中井だけが、反対の姿勢を見せてきた。「迷惑掛けるのでは」と言ってきた。しかし、私が断固とした意志を見せると、彼も応援してくれるようになった。
11月11日金曜日、私はバイトを中井に代わってもらい、夕方の仲良し本堂に入店した。
いつものBGMが耳に入る。入口には偶然にも、雑誌のチェックをしているいつものおばさん店員が居た。
彼女は、私を暫く凝視すると慌てて「いらっしゃいませ〜」と挨拶する。私が奥の方に歩いて行くと、後ろから彼女の視線を感じた。

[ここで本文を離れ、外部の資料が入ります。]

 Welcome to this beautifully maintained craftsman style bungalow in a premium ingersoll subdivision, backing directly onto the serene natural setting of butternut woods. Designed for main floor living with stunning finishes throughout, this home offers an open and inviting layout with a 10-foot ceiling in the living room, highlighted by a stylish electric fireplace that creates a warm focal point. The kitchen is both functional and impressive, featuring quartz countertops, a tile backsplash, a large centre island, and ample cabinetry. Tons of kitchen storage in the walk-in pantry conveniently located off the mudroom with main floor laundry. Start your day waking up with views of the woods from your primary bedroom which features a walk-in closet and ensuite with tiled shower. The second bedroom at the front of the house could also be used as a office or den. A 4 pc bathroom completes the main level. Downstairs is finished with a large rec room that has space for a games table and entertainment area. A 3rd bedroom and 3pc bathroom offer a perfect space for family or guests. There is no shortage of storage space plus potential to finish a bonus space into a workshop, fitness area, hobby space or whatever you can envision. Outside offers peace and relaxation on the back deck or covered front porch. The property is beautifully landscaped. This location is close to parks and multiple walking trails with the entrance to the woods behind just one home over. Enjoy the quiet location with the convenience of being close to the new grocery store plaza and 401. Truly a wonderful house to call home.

まさか告白した事がバレたのか、と思った。声が大きかったから?いや、彼女だけに聴こえる位のボリュームだった筈。他の客や店員には、迷惑が掛からない様配慮したつもりだ。
そうすると、彼女が告白の事を広めたのだろうか?
私は、フラフラと地図売り場まで歩き、思考を整理させる。そしたら、再び視線を感じた。
レジ前から私のいる所までを真っ直ぐに繋いた通路がある。その途中から、ブロンドヘアーの若い女の子がただひたすらにこちらを眺めているのが分かった。山中さんだ。
私と目が合うと、彼女は視線を逸らした。
やっぱり広まっているんだ。広めたのは、鈴木さん。裏でモテ自慢をしていたのだろうか。

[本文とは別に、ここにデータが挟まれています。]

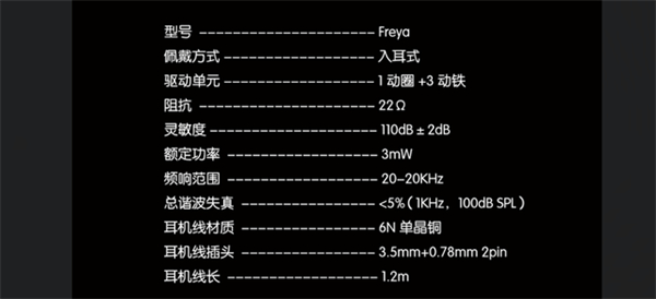 Freya有着优秀的做工、丰富的配件、惊艳的颜值,三频均衡的声音密度控制、弹性十足的低频,自然细腻的人声,清晰宽松的高频,宽松不糊不过暖,无论是从外观、做工、听感来说,Freya都是超值的。

私は再び歩き出して、その場から離れた。そして、彼女を探す。漫画売り場や小説売り場にも居なかった。金曜日は、遅番なのかなと思っていたら、レジにチャッカリ彼女の姿を確認出来た。
彼女は、接客している店長の裏で、彼の補佐的な作業をこなしている。レジの向こう側に小道具とかが沢山あるのだろう、それらを店長の為に取り出してはしまうを繰り返していた。

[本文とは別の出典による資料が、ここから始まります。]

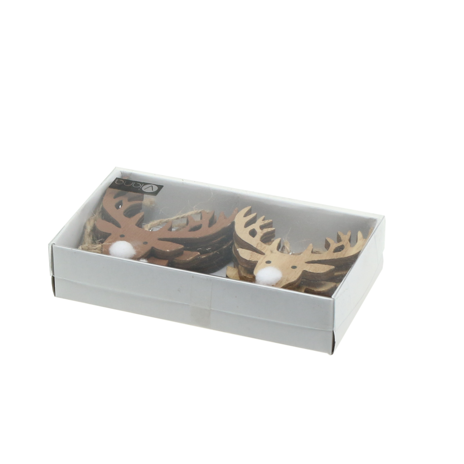 Produktnavn: Elghode tre å henge naturlig 6,5 x 7 cm 8stk

レジの様子を伺える学習本売り場で、様子を伺う事にした。
レジに並ぶ客の数は、一向にゼロになら無い。彼女は、ずっとレジの中に居座り続けていた。
時間を確認する。入店してから、10分位が経ったようだ。痺れを切らした私は、小説売り場に移動した。
何か買おうと思ったのだ。レジでチャンスが得られるかもしれない。
名作を一冊手に取る。シェイクスピアのものだ。それを手に持って、レジに並んだ。
前で待っている客は1人。
すると、丁度そこで店長がレジを離れた。鈴木さんに全て任せるみたいだ。私は、喜びに包まれた。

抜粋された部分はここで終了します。